## Task to complete
Only the lines from the start of the data through the line containing "Progress! got most" should be written out, exactly as they are, with both ends included and the pictures left out.

┌─ Supplied data

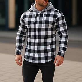 Voor heren Overhemd Normaal shirt Strand hemd blauw Zwart Geel Rood Groen Lange mouw Ruitjes Capuchon Casual Dagelijks Trekkoord Kleding Modieus Casual Comfortabel
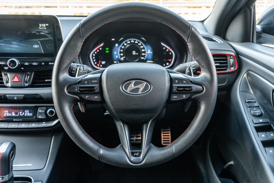 The i30 N Line is backed by a five-year, unlimited-kilometre warranty with 12 months of complementary roadside assistance included with purchase, the latter extendable to up to nine years if you service within the Hyundai network.
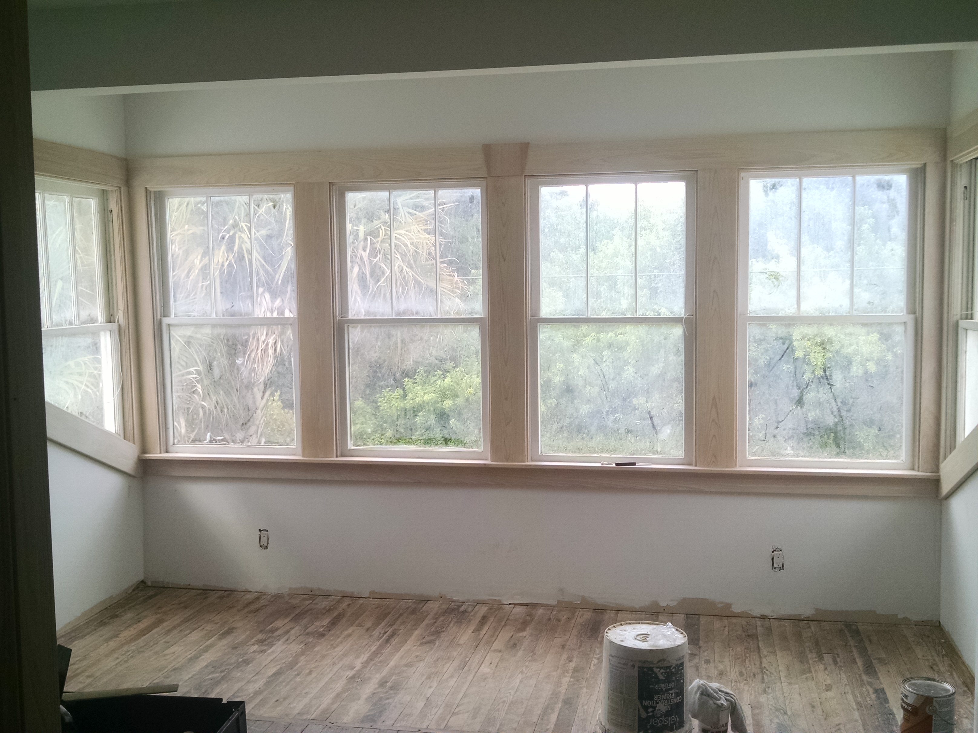 Progress! got most windows upstairs done, added some latex white paint to some latex varnish and like magic pickled white finish to match the doors I finished couple weeks ago.
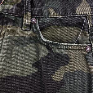 Description: Grab your military surplus jacket to style with these Free People We the Free Camo Combo Cutoffs. The FP We the Free Camo Combo Shorts have an all over camouflage pattern with a five pocket construction with distressed design. The closure has a single metal button with additional embossed Free People We the Free button fly. Rustic rivets are embossed with Free People. The distressed style extends on the front to the raw hem of the shorts. On the back, the double pockets have similar distressed detailing with the raw hem. The Free People We the Free Camo Combo Distressed Cutoffs will pair nicely with tall black combat boots. Softer touch is styling with blue or brown chambray, linen button up blouse and solid open toe, kitten heels.
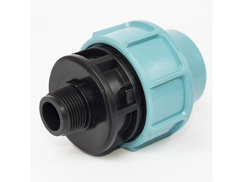 Муфта затискна для поліетиленових труб, зовнішня різьба 1", діаметр 50 мм. Компресійні фітинги застосовуються для створення зовнішніх водопроводів, поливних систем і використовуються переважно для транспортування холодної води. Переваги: доступність за ціною, невелика вага, швидкий і легкий монтаж, що не вимагає додаткових інструментів, можливість створення роз'ємних з'єднань. Номінальна температура для застосування 20˚С, а максимальна робоча температура - до 60˚С в межах робочого діапазону труб. Номінальний тиск залежить від діаметра: для 16, 20, 25, 32, 40, 50, 63 мм воно складає 16 бар, для фітингів 75, 90 і 110 - 12,5 бар відповідно. Компресійні фітинги виробляються відповідно до стандартів UNI, ISO, DIN, NF, різьба відповідно до UNI, а фланцеві з'єднання відповідають вимогам UNI і DIN. Всі фітинги виконані відповідно до загальних технічних умов. Для виготовлення фітингів використовується чорний поліпропілен для корпусу, чорна прокладка з нітрилової гуми, біле затискне кільце з поліацетата і гайка з поліпропілену.
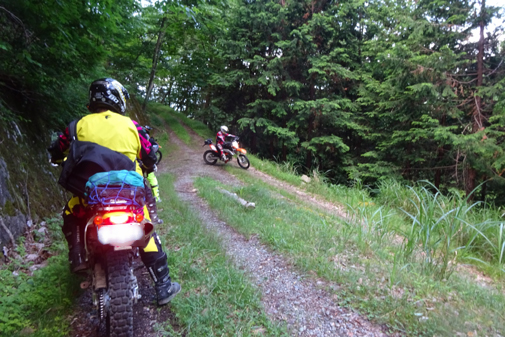 余談ですが、オフ車で林道中毒になってくると 「ドア to ドア」で 林道のみ走りたいと 思うようになります(苦笑)。
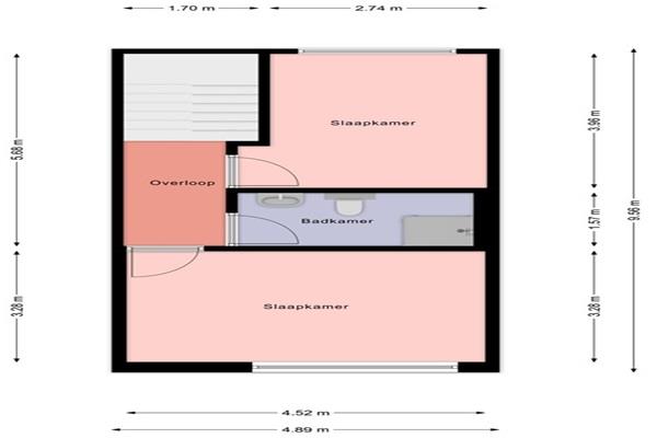 overloop (ca. 4 m²), twee slaapkamers (ca. 11 m² en 15 m²) en de badkamer
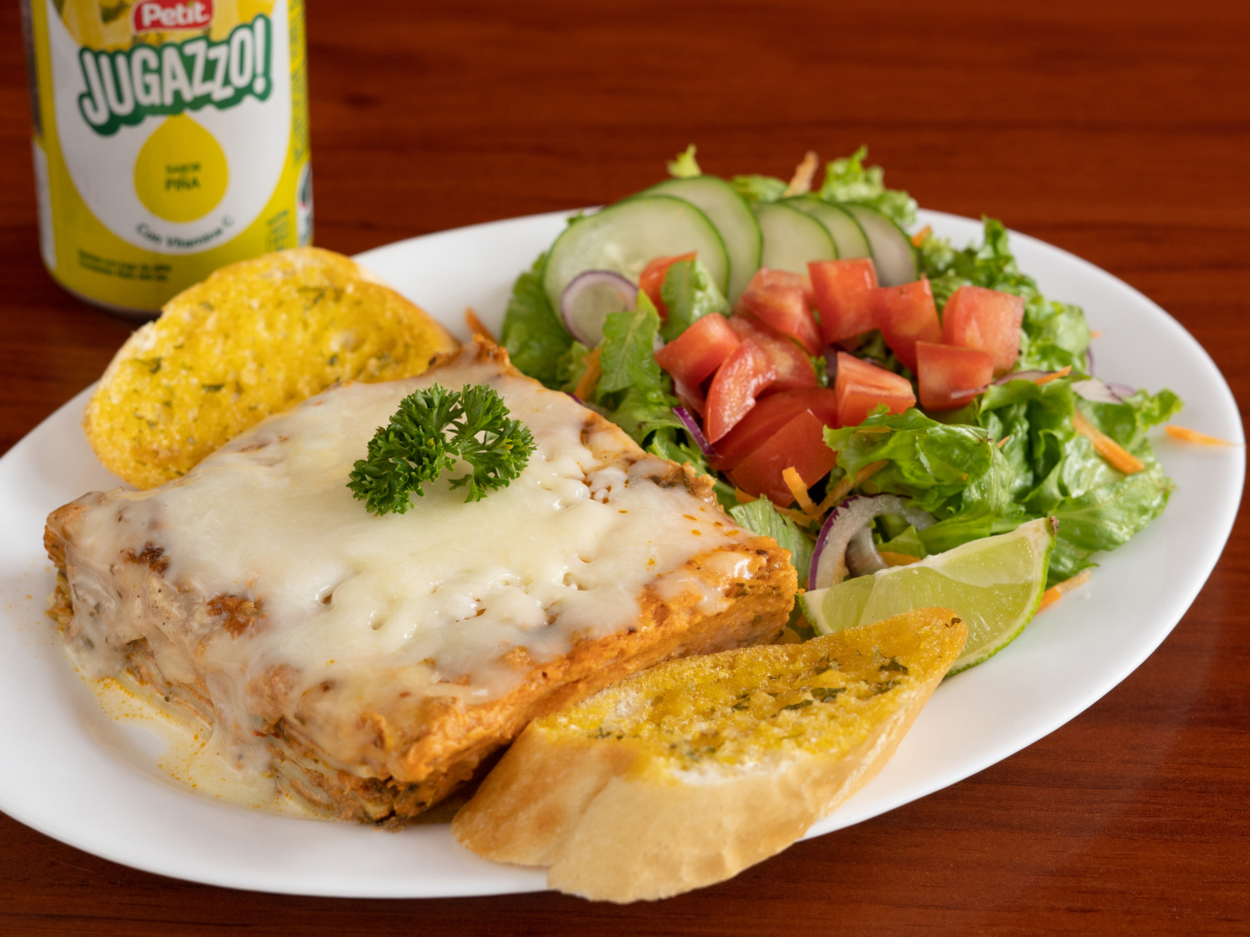 En salsa roja, incluye ensalada verde, pan de ajo gaseosa 250ml.
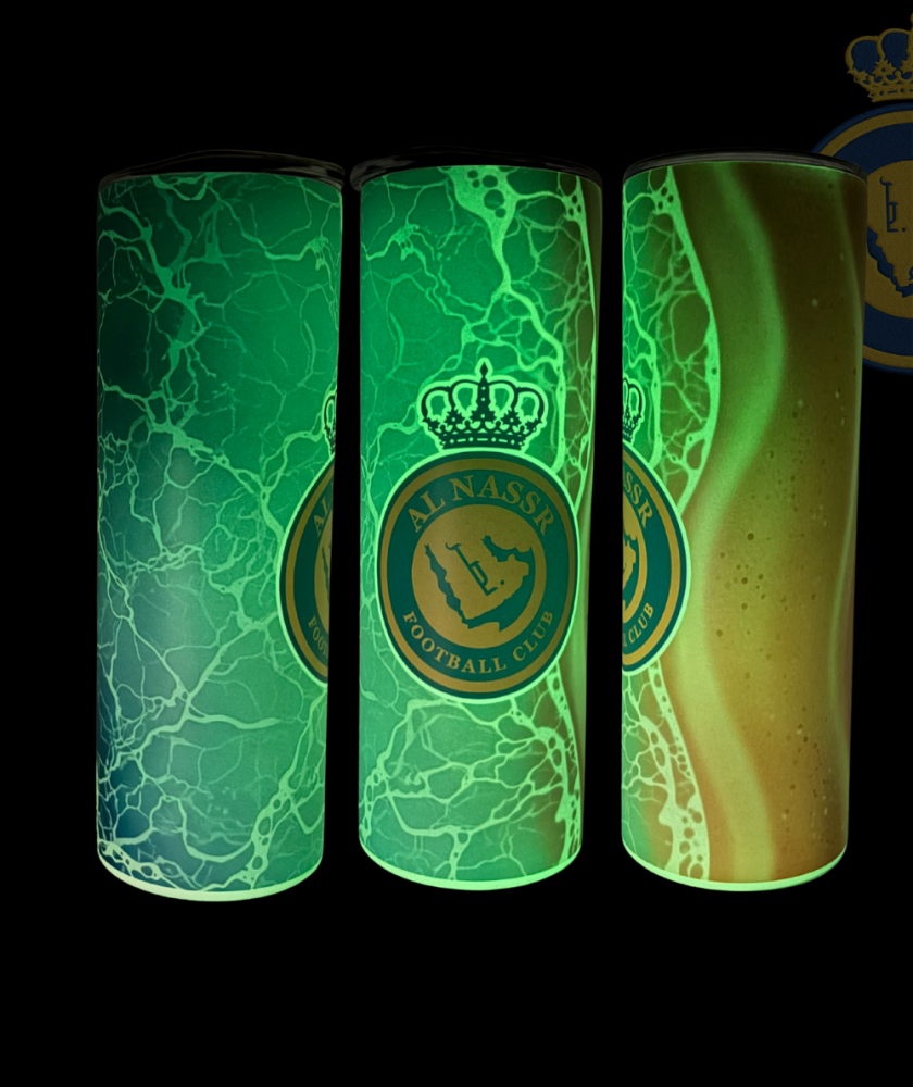 Celebrate your passion for Al Nassr Football with this exclusive 20oz glowing tumbler. Designed with the iconic blue & yellow Al Nassr colors, it features a unique UV-activated glow in the dark effect, making it stand out day and night.

└─

## Result
 Voor heren Overhemd Normaal shirt Strand hemd blauw Zwart Geel Rood Groen Lange mouw Ruitjes Capuchon Casual Dagelijks Trekkoord Kleding Modieus Casual Comfortabel
 The i30 N Line is backed by a five-year, unlimited-kilometre warranty with 12 months of complementary roadside assistance included with purchase, the latter extendable to up to nine years if you service within the Hyundai network.
 Progress! got most windows upstairs done, added some latex white paint to some latex varnish and like magic pickled white finish to match the doors I finished couple weeks ago.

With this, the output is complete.